まこいず「おいも」「それでさ、蓮巳がもらったっていうさつまいもで焼き芋始めちゃってさー……、俺はいらないって言ってるのにアイツら無理やり口に突っ込んできて、絶対に許さないんだからぁ……」
秋を感じさせるオレンジ色の空が窓の外には広がっている部屋に二人きり。他愛もない世間話を繰り返し、沈黙のたび、合わせた目線をどちらからともなく逸らす。
ベッドの上に隣並んで座り、掠める程度にお互いの手に触れ合っては、いたずらに逸らし、遠ざける。
そんなことを繰り返して、五回目くらい、同級生たちとのバカげた話をしていた時、やっぱり目が合った。

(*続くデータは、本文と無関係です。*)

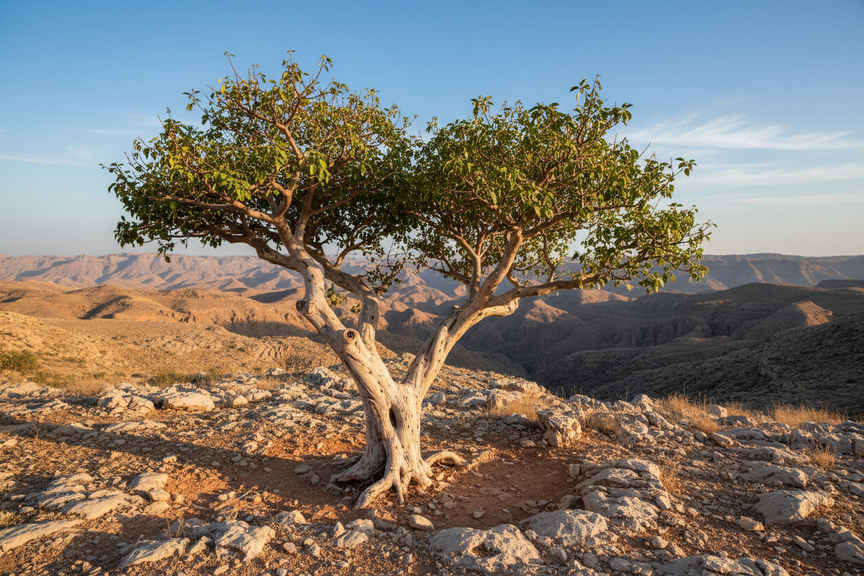 ينمو اللبان العُماني من شجرة البوسويلية المقدسة في بيئة طبيعية فريدة لا تتكرر إلا في جنوب سلطنة عُمان.

でも、どちらも視線を逸らすことはしなかった。なんとなく、そろそろ。そういう空気が、オレンジ色の部屋に漂っていた。
目を逸らすかわりに、キスを一つ。
合図のようなそれに目を閉じて、真の方へと身体を向ければ、頬に硬い何かが当たった。その正体にすぐ思い当たった泉は数秒前に閉じた目をパチリと開き、その綺麗な緑色の瞳を隠す青いフレームを瞬時に奪った。
「わっ、ちょっと……」
慌てた様子の真に構わず、取り上げたメガネを枕の横に放る。
「これくらい近かったら、俺のこと、ちゃんと見えるでしょ?」
グイと、鼻先を押し付けるよう、真の目の前まで顔を寄せて言う。そのまま、真の首裏に腕を伸ばし、自分の方へと引き寄せ、続きとばかり真の唇に自身のそれを重ねた。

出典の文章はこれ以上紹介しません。